◆ PROBLEM TO SOLVE ◆
Copy the material below verbatim from the line with "Une autre section" to the line with "よって、前述のステップ登録手", both lines included, omitting pictures and every line outside that range.

◆ EXERCISE DATA ◆
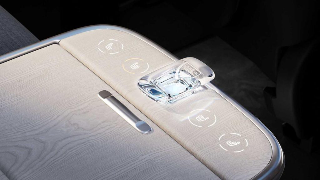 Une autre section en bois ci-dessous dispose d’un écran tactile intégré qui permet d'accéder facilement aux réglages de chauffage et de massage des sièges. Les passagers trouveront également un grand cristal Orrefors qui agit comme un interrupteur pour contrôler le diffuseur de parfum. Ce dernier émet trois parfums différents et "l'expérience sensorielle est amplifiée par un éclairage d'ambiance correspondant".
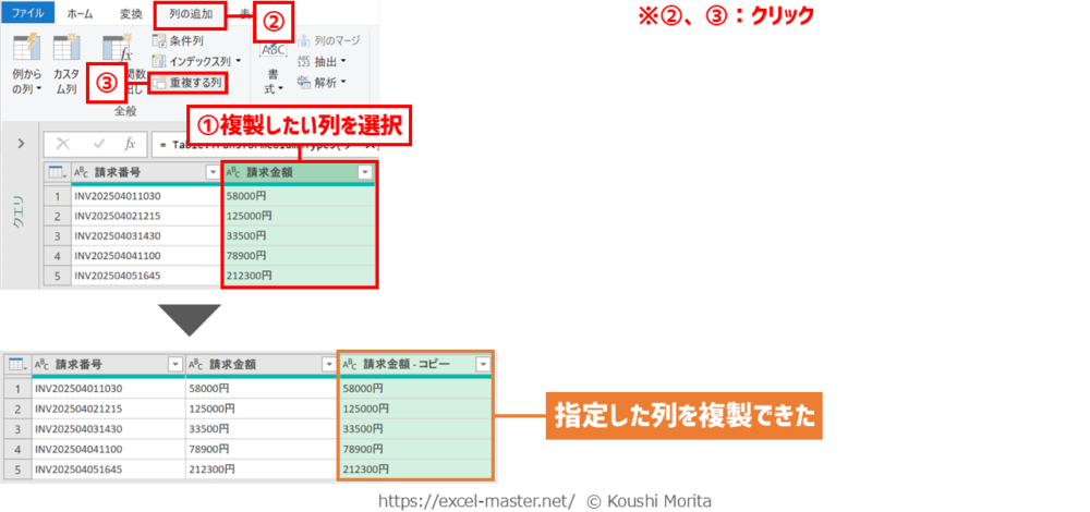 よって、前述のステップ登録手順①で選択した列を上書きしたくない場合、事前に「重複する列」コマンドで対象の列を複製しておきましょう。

...

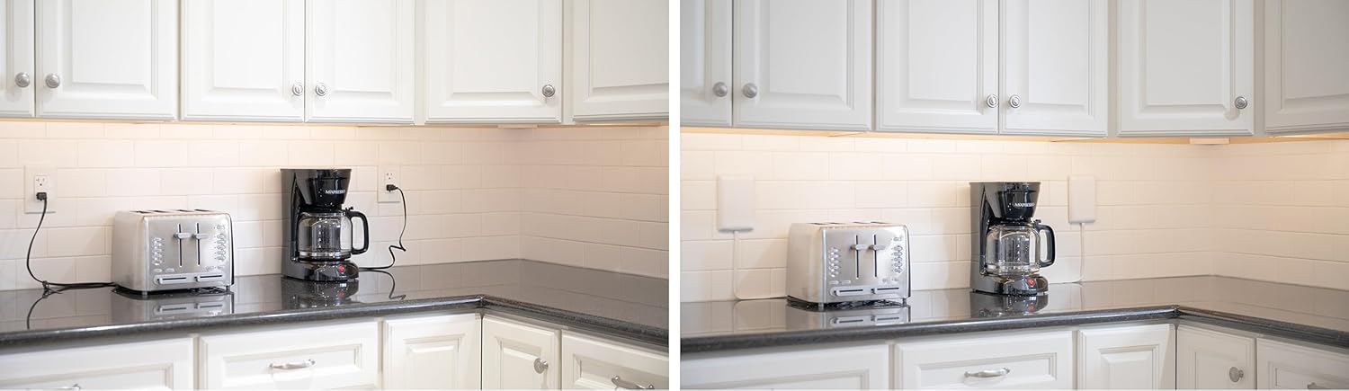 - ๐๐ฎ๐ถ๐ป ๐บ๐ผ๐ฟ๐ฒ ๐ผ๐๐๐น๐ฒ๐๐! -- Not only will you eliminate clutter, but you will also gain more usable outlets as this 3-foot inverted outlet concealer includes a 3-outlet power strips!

◆ SOLUTION ◆
 Une autre section en bois ci-dessous dispose d’un écran tactile intégré qui permet d'accéder facilement aux réglages de chauffage et de massage des sièges. Les passagers trouveront également un grand cristal Orrefors qui agit comme un interrupteur pour contrôler le diffuseur de parfum. Ce dernier émet trois parfums différents et "l'expérience sensorielle est amplifiée par un éclairage d'ambiance correspondant".
 よって、前述のステップ登録手順①で選択した列を上書きしたくない場合、事前に「重複する列」コマンドで対象の列を複製しておきましょう。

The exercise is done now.